(THE DATA begins)

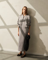 Get ready to make a statement in this Silver satin blouson jacket! This modern blouson shape jacket is made from heavy satin and has a subtle sheen, perfect for dressing up or down. The viscose, cotton, and linen base and the concealed elasticated hem and cuffs of the jacket provide comfort and a perfect fit.
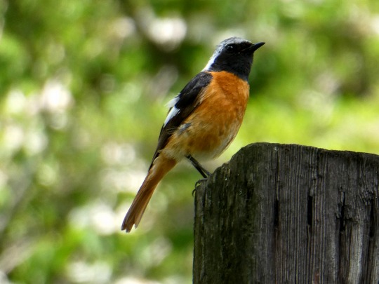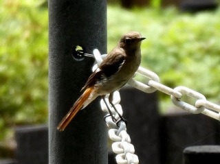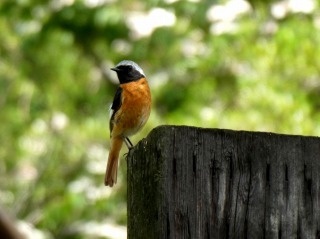 ジョウビタキが今の季節には珍しく庭にやって来ました。冬鳥の代表でオスの頭が銀白色と黒とオレンジ色の配色が美しい小鳥です。
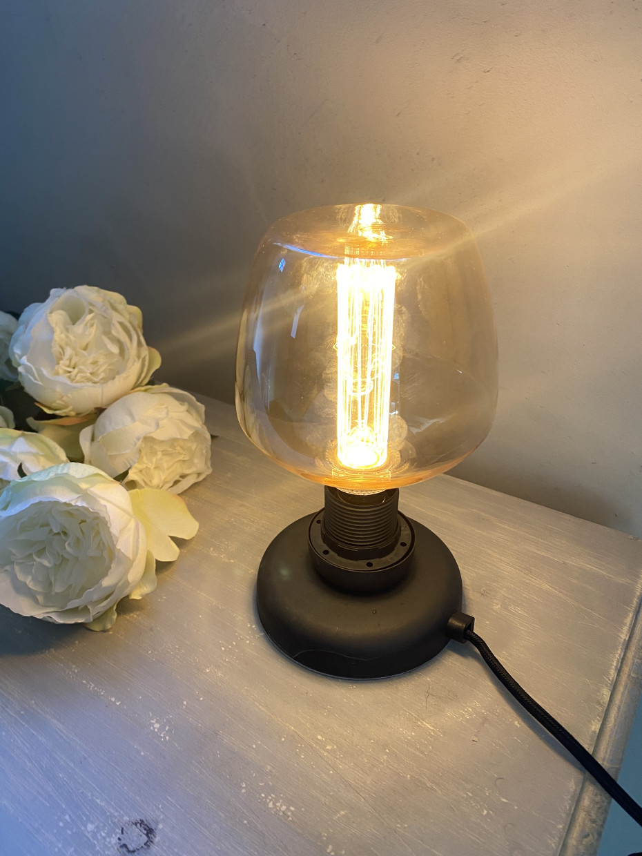 La lampe rétro ambre a un raccord E27 et vous pouvez facilement la graduer via votre interrupteur régulier dans 3 positions de gradation
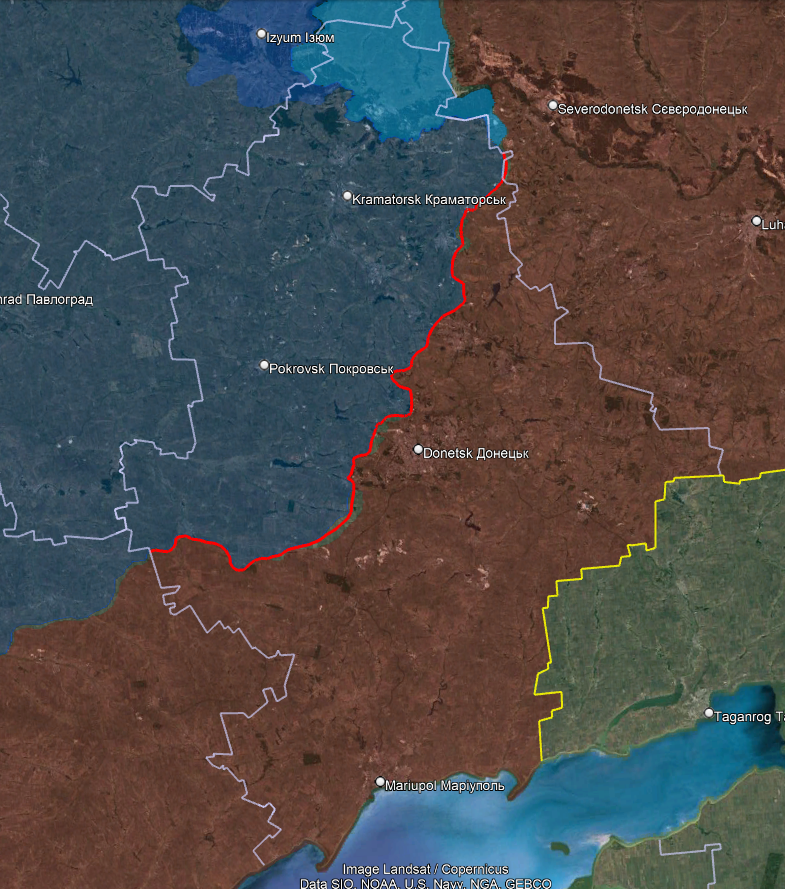 The Donetsk front is around 230 km long and currently the most active front. It is also the only sector where Russian conduct offensive operations but with devastating results for them. It is therefore the sector with highest Russian casualties. 4/10

(THE DATA ends)

## [TO DO]
Set down all of the data word for word; no pictures belong in it.

## [EXPECTED OUTPUT]
 Get ready to make a statement in this Silver satin blouson jacket! This modern blouson shape jacket is made from heavy satin and has a subtle sheen, perfect for dressing up or down. The viscose, cotton, and linen base and the concealed elasticated hem and cuffs of the jacket provide comfort and a perfect fit.
 ジョウビタキが今の季節には珍しく庭にやって来ました。冬鳥の代表でオスの頭が銀白色と黒とオレンジ色の配色が美しい小鳥です。
 La lampe rétro ambre a un raccord E27 et vous pouvez facilement la graduer via votre interrupteur régulier dans 3 positions de gradation
 The Donetsk front is around 230 km long and currently the most active front. It is also the only sector where Russian conduct offensive operations but with devastating results for them. It is therefore the sector with highest Russian casualties. 4/10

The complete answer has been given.